Síndrome da Rubéola Congênita: Diagnóstico e Sinais

UNITAU - Universidade de Taubaté (SP) — Prova 2025

Enunciado

Recém-nascido, pequeno para idade gestacional, apresenta quadro de surdez, microcefalia, estenose pulmonar e catarata congênita. Diante do conjunto de alterações descritas, selecione a infecção congênita provável do caso.

Alternativas

  1. A) Síndrome de Zika congênita.
  2. B) Sífilis congênita.
  3. C) Toxoplasmose congênita.
  4. D) Síndrome da rubéola congênita.

Pérola Clínica

Surdez + catarata + cardiopatia congênita (estenose pulmonar) + microcefalia = Síndrome da Rubéola Congênita.

Resumo-Chave

A tríade clássica da Síndrome da Rubéola Congênita (SRC) inclui catarata, cardiopatia congênita (especialmente persistência do canal arterial ou estenose pulmonar) e surdez neurossensorial, frequentemente acompanhada de microcefalia e restrição de crescimento intrauterino.

Contexto Educacional

A Síndrome da Rubéola Congênita (SRC) é uma condição grave resultante da infecção materna pelo vírus da rubéola durante a gravidez, especialmente no primeiro trimestre. A prevalência diminuiu drasticamente com a vacinação em massa, mas ainda é uma preocupação em regiões com baixa cobertura vacinal. A SRC é caracterizada por uma constelação de anomalias congênitas que afetam múltiplos sistemas orgânicos, sendo a tríade de Gregg (catarata, cardiopatia e surdez) o achado mais clássico.
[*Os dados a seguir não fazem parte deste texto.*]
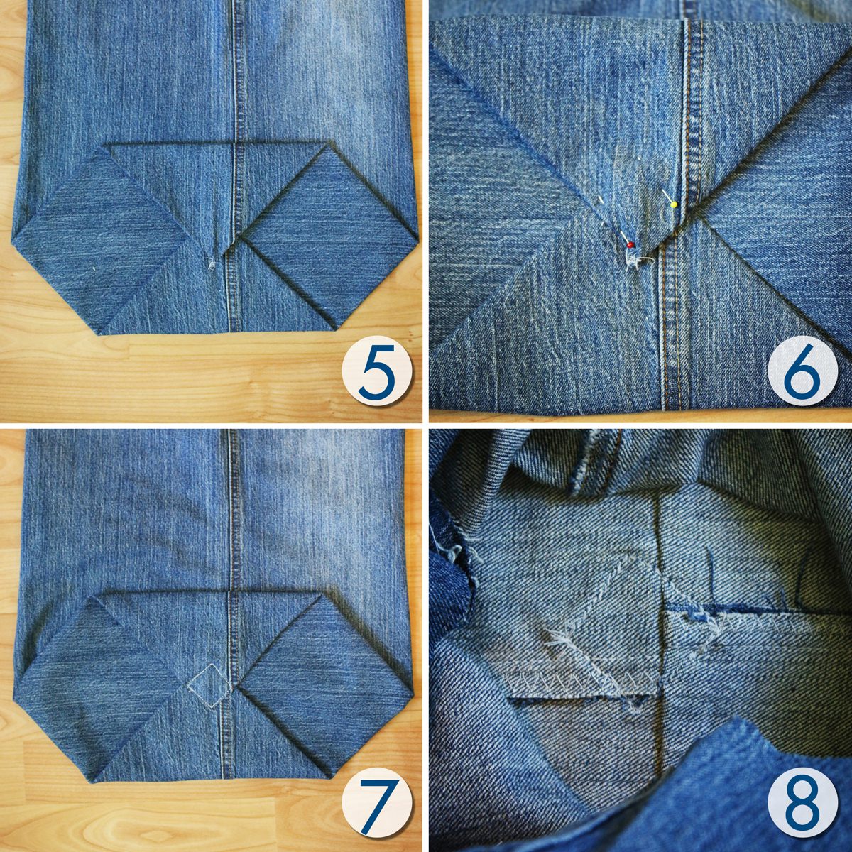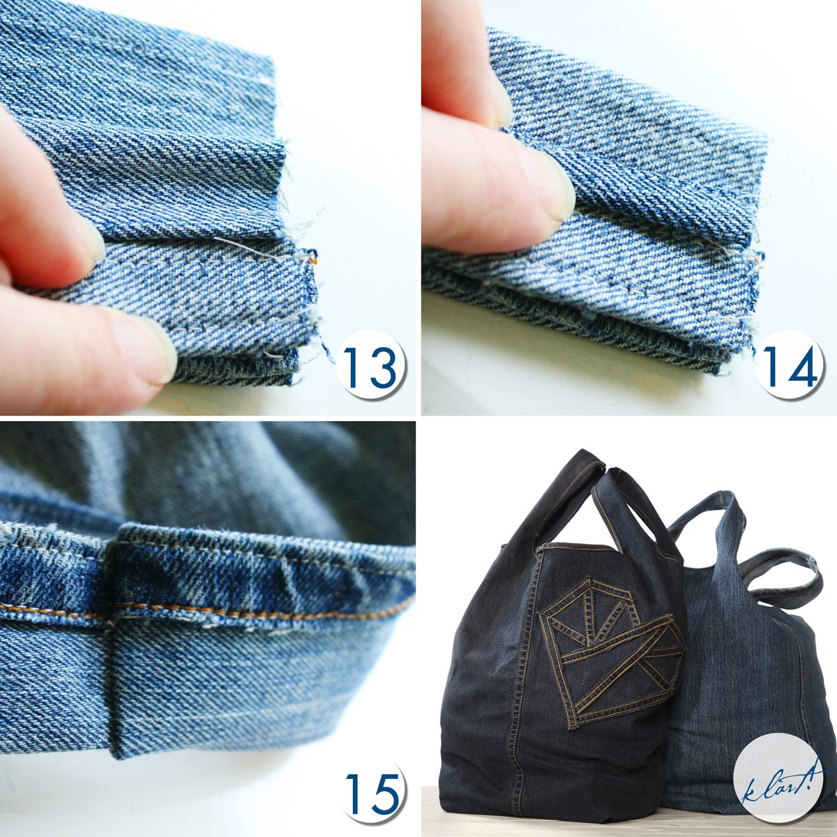 Ett par gamla jeans förvandlas till en hållbar och rymlig marthakasse perfekt att ta med till matbutiken.

O diagnóstico da SRC é primariamente clínico, baseado nas manifestações características em um recém-nascido com histórico de exposição materna ou sorologia positiva para rubéola. A fisiopatologia envolve a replicação viral em tecidos fetais, levando a danos celulares diretos e inflamação crônica. A suspeita deve surgir em recém-nascidos com restrição de crescimento intrauterino, microcefalia, lesões oculares (catarata, glaucoma), surdez neurossensorial e cardiopatias congênitas (estenose da artéria pulmonar, persistência do canal arterial). O tratamento da SRC é de suporte e visa manejar as anomalias congênitas específicas, como cirurgia para catarata ou cardiopatia. Não há tratamento antiviral específico. O prognóstico varia conforme a gravidade das malformações. A prevenção é fundamental e baseia-se na vacinação de mulheres em idade fértil antes da gestação, garantindo imunidade contra o vírus da rubéola.

Perguntas Frequentes

Quais são os principais sinais clínicos da Síndrome da Rubéola Congênita?
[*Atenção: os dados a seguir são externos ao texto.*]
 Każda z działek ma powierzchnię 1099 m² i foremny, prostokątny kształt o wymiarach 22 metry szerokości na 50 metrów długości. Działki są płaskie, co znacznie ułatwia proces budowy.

Os principais sinais incluem catarata, surdez neurossensorial, cardiopatias congênitas (como persistência do canal arterial ou estenose pulmonar), microcefalia, retardo do crescimento e lesões cutâneas.

Como a infecção por rubéola durante a gestação afeta o feto?

A infecção materna por rubéola, especialmente no primeiro trimestre, pode levar à transmissão transplacentária do vírus, causando danos graves e permanentes em múltiplos órgãos fetais devido à replicação viral e inflamação.

Qual a importância da vacinação na prevenção da Síndrome da Rubéola Congênita?

A vacinação materna pré-concepcional com a vacina tríplice viral (sarampo, caxumba e rubéola) é a medida mais eficaz para prevenir a infecção por rubéola na gestante e, consequentemente, a Síndrome da Rubéola Congênita.